## Problem statement:
I would like the line with "jihadistes de l'EI. |" and every line after it, down to the end of the entries below, output exactly and without pictures.

## Exercise data:

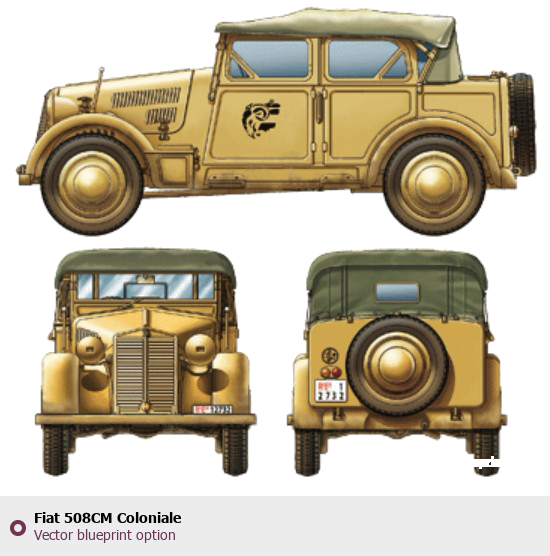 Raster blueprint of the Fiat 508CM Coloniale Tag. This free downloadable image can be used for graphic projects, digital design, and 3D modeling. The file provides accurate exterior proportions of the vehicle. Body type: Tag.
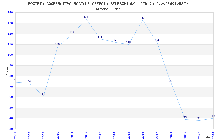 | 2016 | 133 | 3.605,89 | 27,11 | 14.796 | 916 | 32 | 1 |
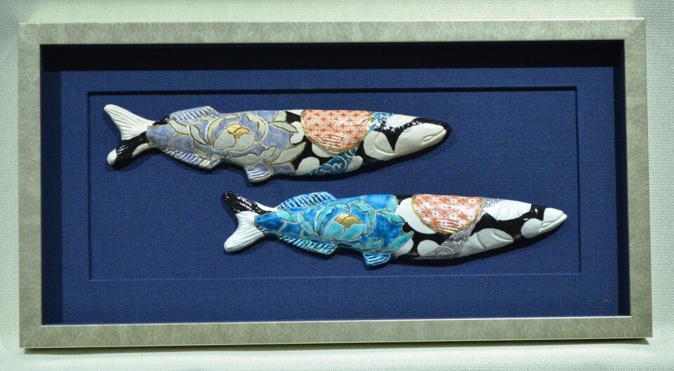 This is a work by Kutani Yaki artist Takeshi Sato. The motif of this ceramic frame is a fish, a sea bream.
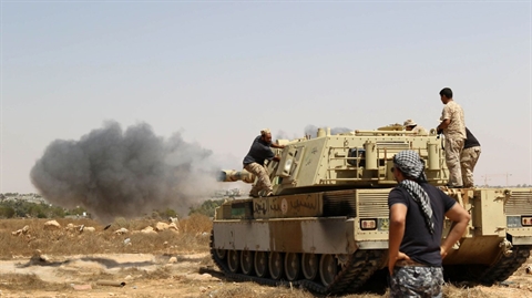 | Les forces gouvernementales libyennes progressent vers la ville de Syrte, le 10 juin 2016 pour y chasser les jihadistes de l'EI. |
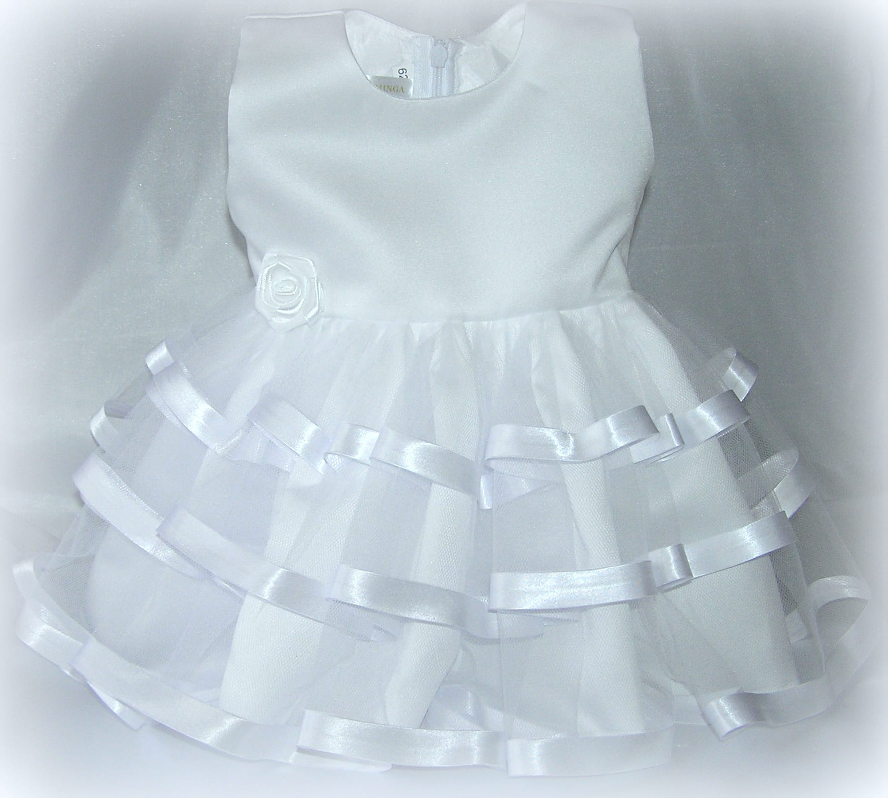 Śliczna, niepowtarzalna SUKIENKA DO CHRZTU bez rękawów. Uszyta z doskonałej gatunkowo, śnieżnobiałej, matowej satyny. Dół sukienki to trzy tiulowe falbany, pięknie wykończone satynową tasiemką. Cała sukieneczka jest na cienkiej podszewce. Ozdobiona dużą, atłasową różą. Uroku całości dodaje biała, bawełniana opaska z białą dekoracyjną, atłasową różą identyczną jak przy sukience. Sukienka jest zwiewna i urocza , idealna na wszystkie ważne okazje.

## Answer space:
 | Les forces gouvernementales libyennes progressent vers la ville de Syrte, le 10 juin 2016 pour y chasser les jihadistes de l'EI. |
 Śliczna, niepowtarzalna SUKIENKA DO CHRZTU bez rękawów. Uszyta z doskonałej gatunkowo, śnieżnobiałej, matowej satyny. Dół sukienki to trzy tiulowe falbany, pięknie wykończone satynową tasiemką. Cała sukieneczka jest na cienkiej podszewce. Ozdobiona dużą, atłasową różą. Uroku całości dodaje biała, bawełniana opaska z białą dekoracyjną, atłasową różą identyczną jak przy sukience. Sukienka jest zwiewna i urocza , idealna na wszystkie ważne okazje.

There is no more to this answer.